> Task directions
Below is a listing with pictures. Repeat exactly the lines starting at the one holding "Yaz aylarının vazgeçilmezi" and going on through the one holding "Μια πρωτότυπη φιλανθρωπική", and leave every picture out.

> Source data
════════

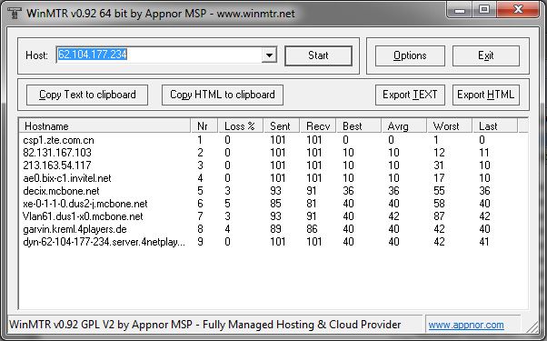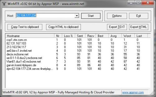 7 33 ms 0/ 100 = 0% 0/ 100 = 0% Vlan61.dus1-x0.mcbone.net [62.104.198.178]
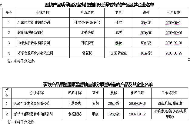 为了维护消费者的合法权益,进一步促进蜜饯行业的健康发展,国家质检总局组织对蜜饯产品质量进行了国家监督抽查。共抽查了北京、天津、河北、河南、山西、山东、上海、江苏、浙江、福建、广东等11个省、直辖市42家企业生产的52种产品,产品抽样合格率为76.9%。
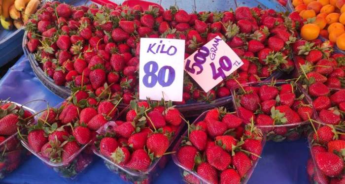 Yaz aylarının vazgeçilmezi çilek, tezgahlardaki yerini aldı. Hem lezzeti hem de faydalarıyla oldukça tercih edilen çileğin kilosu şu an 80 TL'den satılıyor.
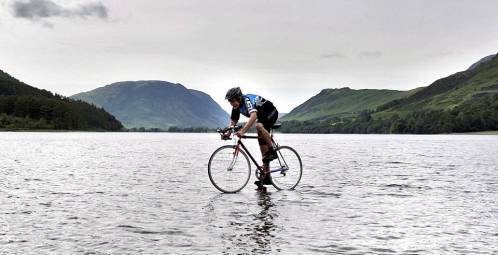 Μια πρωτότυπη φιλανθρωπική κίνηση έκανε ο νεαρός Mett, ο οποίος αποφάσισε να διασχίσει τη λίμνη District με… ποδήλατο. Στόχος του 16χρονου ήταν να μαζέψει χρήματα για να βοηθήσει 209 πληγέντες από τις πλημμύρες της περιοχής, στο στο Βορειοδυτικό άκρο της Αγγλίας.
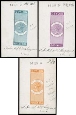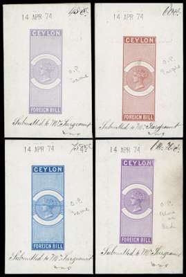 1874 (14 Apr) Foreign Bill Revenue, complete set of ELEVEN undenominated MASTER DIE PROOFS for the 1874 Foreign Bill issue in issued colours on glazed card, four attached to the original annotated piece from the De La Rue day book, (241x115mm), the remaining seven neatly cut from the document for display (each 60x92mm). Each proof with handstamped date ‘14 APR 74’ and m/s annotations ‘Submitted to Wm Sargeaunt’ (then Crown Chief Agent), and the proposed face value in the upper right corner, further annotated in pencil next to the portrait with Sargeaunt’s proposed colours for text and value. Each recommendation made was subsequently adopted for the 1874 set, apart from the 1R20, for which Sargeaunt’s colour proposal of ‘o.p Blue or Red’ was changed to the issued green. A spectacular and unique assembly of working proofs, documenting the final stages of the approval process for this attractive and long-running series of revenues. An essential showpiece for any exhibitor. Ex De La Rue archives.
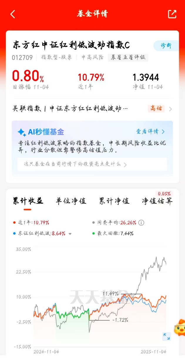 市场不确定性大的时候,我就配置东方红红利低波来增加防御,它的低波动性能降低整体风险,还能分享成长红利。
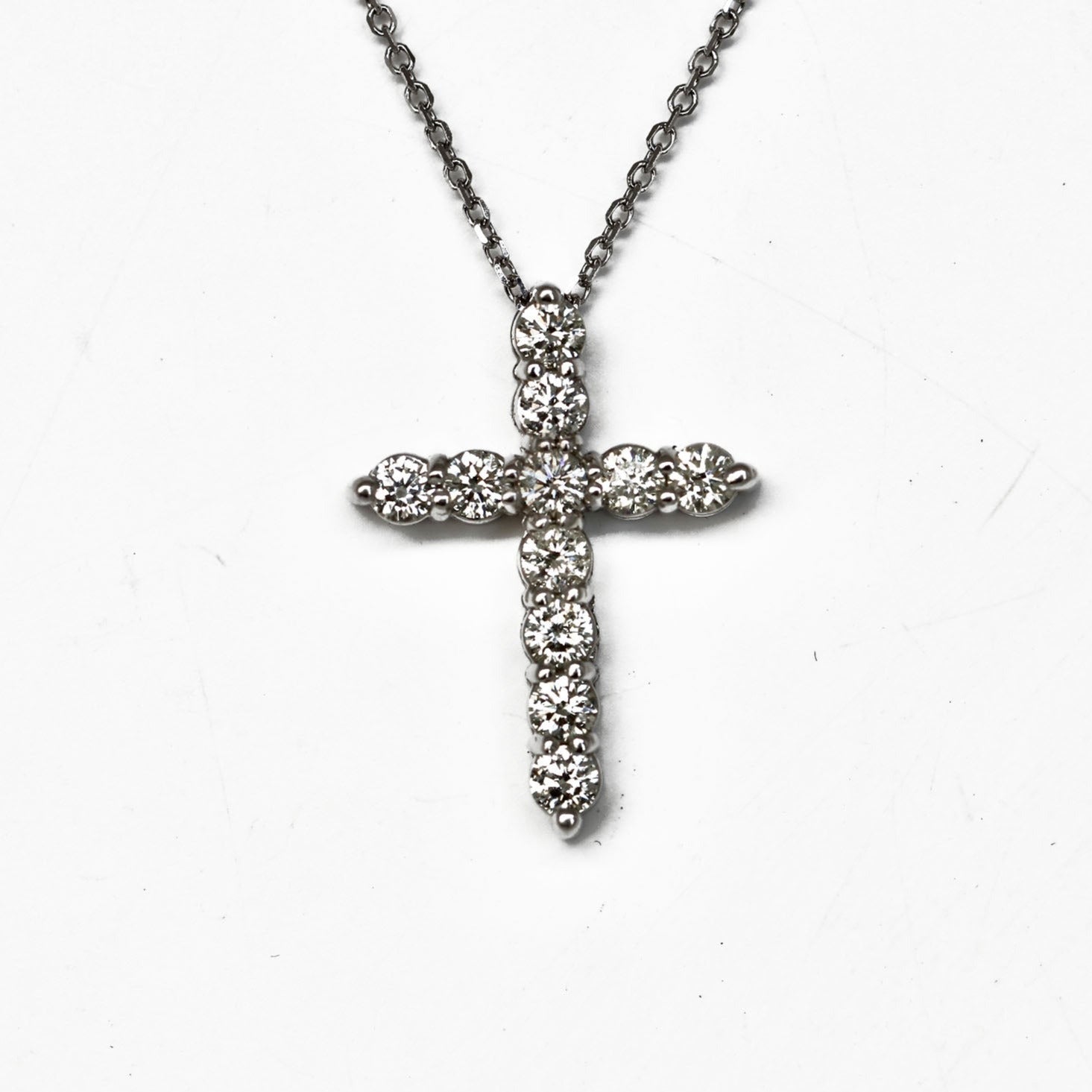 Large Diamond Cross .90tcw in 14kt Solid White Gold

════════

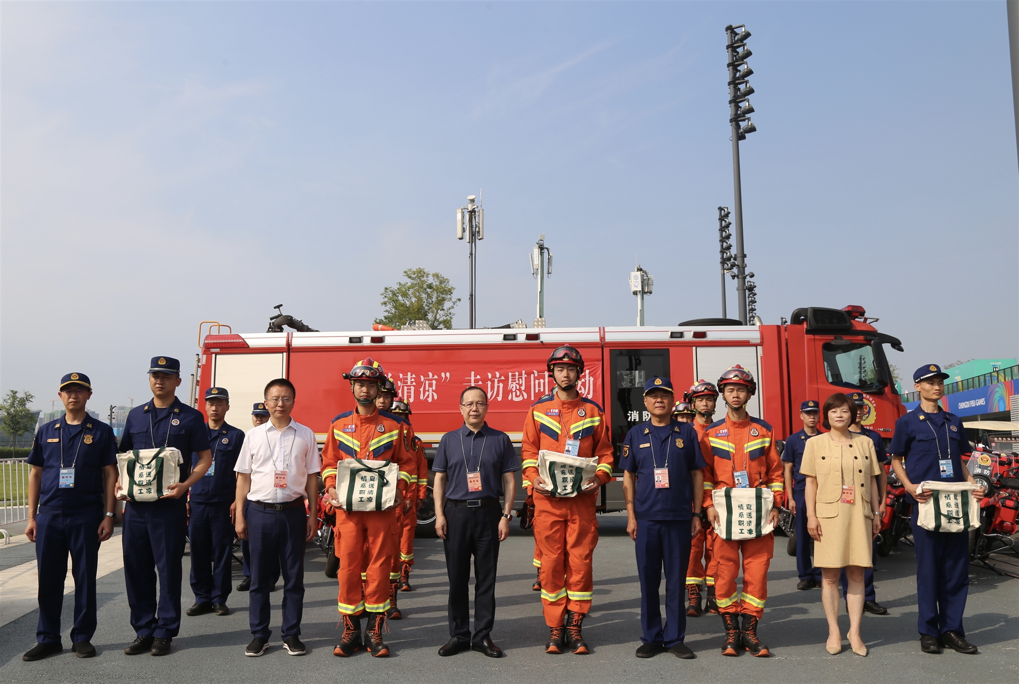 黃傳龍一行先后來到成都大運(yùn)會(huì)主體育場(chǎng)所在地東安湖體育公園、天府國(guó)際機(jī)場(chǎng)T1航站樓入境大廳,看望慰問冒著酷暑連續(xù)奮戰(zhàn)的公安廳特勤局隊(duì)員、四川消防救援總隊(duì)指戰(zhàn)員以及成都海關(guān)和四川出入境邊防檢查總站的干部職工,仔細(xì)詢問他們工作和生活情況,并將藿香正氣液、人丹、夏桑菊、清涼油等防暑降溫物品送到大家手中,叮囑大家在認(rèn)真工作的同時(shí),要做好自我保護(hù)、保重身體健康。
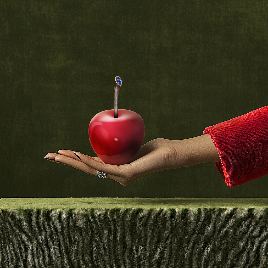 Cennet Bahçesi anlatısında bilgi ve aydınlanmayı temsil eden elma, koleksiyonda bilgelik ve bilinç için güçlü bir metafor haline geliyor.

════════

> Task solution
 Yaz aylarının vazgeçilmezi çilek, tezgahlardaki yerini aldı. Hem lezzeti hem de faydalarıyla oldukça tercih edilen çileğin kilosu şu an 80 TL'den satılıyor.
 Μια πρωτότυπη φιλανθρωπική κίνηση έκανε ο νεαρός Mett, ο οποίος αποφάσισε να διασχίσει τη λίμνη District με… ποδήλατο. Στόχος του 16χρονου ήταν να μαζέψει χρήματα για να βοηθήσει 209 πληγέντες από τις πλημμύρες της περιοχής, στο στο Βορειοδυτικό άκρο της Αγγλίας.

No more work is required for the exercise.